Не раздавался даже тот дикий вой, который индейцы испускают в бою или на грабеже. Слышались только голоса служителей, и иногда долетал до них болезненный крик, сопровождаемый стоном или жалобой, и вскоре заглушаемый насилием. Потом ничего не стало слышно. Всюду воцарилось мертвое молчание.
В то время, когда колонисты, запертые в трапезной, бились как бешеные, чтобы выйти из нее, другие люди разыгрывали во дворе такую страшную трагедию, какой никогда не встречается на театральных подмостках.
Это были индейцы, приведенные коварным служителем Луи Дюпре.
Войдя в сад и захватив двух девушек, они пошли к дому, руководимые дворецким. Поэтому они смогли легко пробраться с заднего двора на центральный, не будучи никем замечены. Они вошли туда, прежде чем их увидел кто-нибудь из служителей; как только их завидели, поднялась тревога, но было уже поздно.
Негритенок, искавший Фернанда, первый заявил об их присутствии. Он бросился в комнаты с криками ужаса, а дикари следовали уже за ним по пятам.
Главной целью был грабеж, а не кровопролитие, что явствовало из того, как разбойники приступили к делу. Если бы они руководствовались ненавистью к бледнолицым или пришли с желанием отомстить за что-нибудь, они поступили бы иначе. Вместо того, чтоб затворить дверь и оставить в покое полковника Армстронга и его друзей, они перестреляли бы их и оскальпировали. Это было им сделать легко, даже и при запертых дверях, потому что у них было всякого рода наступательное оружие: карабины, пистолеты, копья, томагавки и ножи. Стреляя в окно, они могли перебить всех, находившихся в столовой.
Колонисты удивлялись, что дикари до сих пор не воспользовались этим своим преимуществом. Они ждали этого с минуты на минуту.
Но индейцы имели свою причину удерживаться от этой резни, конечно, не имевшую ничего общего с человеколюбием. Они не стреляли по белым просто потому, что боялись наделать слишком много шума; другие белые могли услышать выстрелы, и явиться на помощь достаточно вовремя, чтобы помешать их замыслу.
Поэтому из образа их действий было ясно, что целью их был грабеж, а не убийство, и что они не желали собственно убивать белых без крайней надобности.

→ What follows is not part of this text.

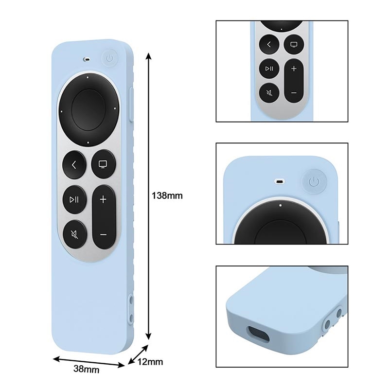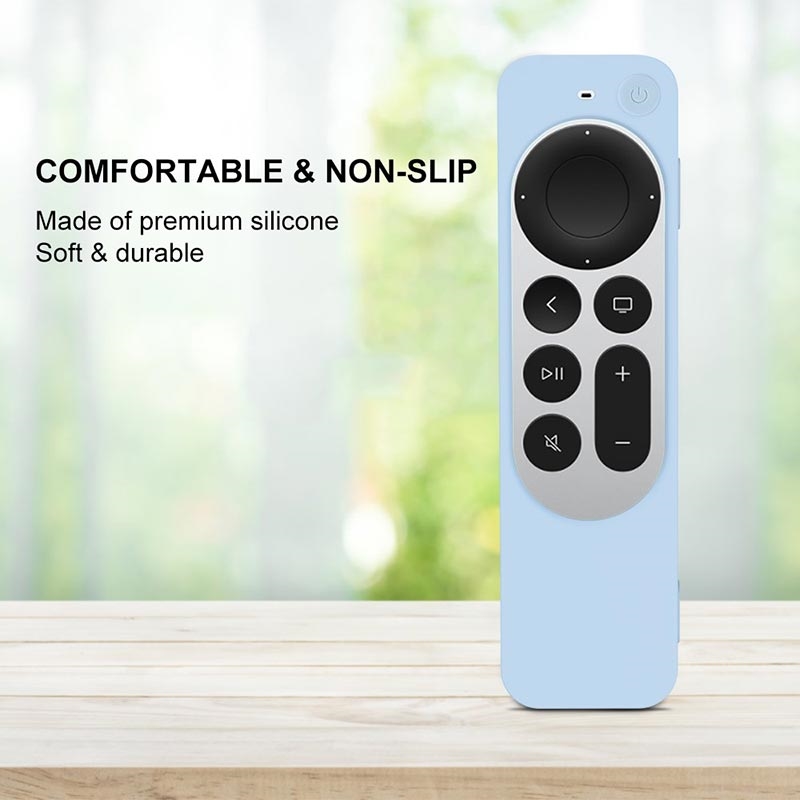 Den halkskyddade, stötsäkra designen omsluter Siri-fjärrkontrollen säkert från alla vinklar, vilket hjälper till att förhindra oavsiktliga fall eller ytskador. Utskärningarna är exakt placerade för den pekaktiverade klickplattan, portar och knappar, vilket säkerställer full funktionalitet utan hinder.

Однако это не были обыкновенные грабители; они, по-видимому, приготовились ко всему, что вскоре и доказали. Едва они прошли на двор, как уже стали убивать бедных невольников, которые при виде индейцев бегали как сумасшедшие, испуская крики ужаса. Надо было заглушить эти крики, и они были заглушены немедленно ударами копий, ножей и томагавков.
Хотя бедные создания не оказывали ни малейшего сопротивления, однако их убивали без милосердия.

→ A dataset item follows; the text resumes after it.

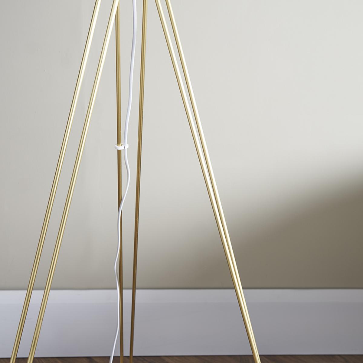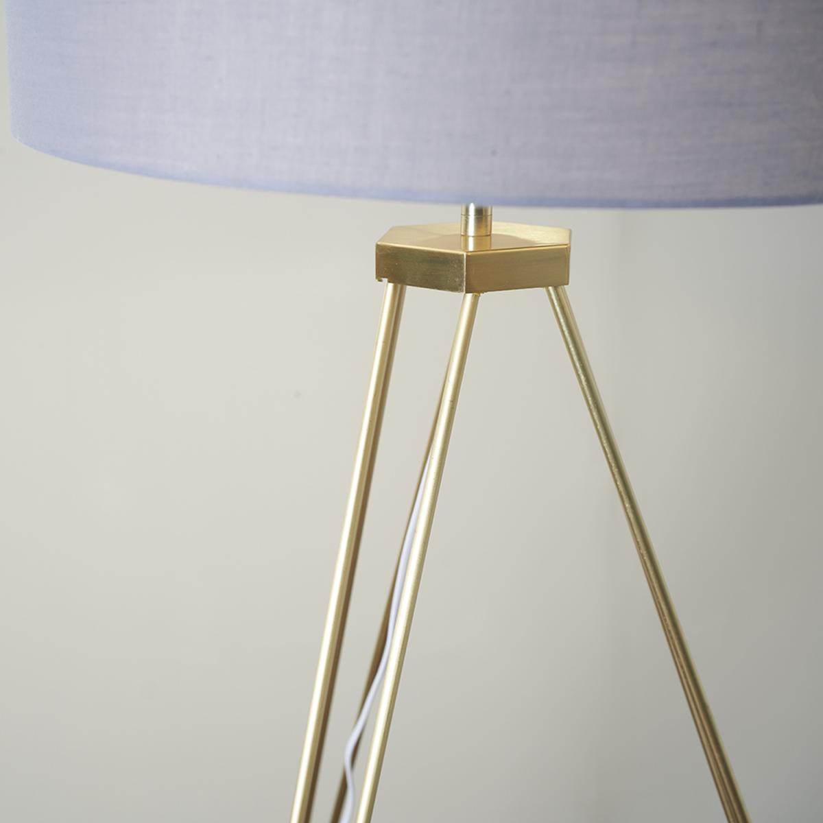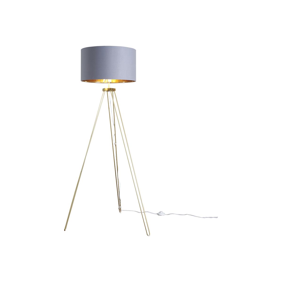Modern tripod style floor lamp in a gold metal finish, featuring curved hairpin style designed legs making it a true statement piece for any living area! This lamp also comes with an in-line onoff foot switch for easy use and comes complete with a grey fabric cylinder lamp shade with a gold coloured interior. Floor lamps are a great way to bring additional lighting to a room or you can use them reduce your main light output, and create a more relaxing moodatmosphere.

Это массовое избиение было просто мерой предосторожности, чтобы помешать криками произвести тревогу между колонистами в хижинах.
Некоторые невольники уходили в комнаты, закладывая за собой двери, другие прятались в темных углах, где разбойники не имели времени искать их. Но из дома не мог выйти никто.
Пока одни разбойники распоряжались на дворе, избранные из них занимались другим делом. Их было пять или шесть человек, среди которых выделялся их вождь исполинского роста. Фернанд также примкнул к ним.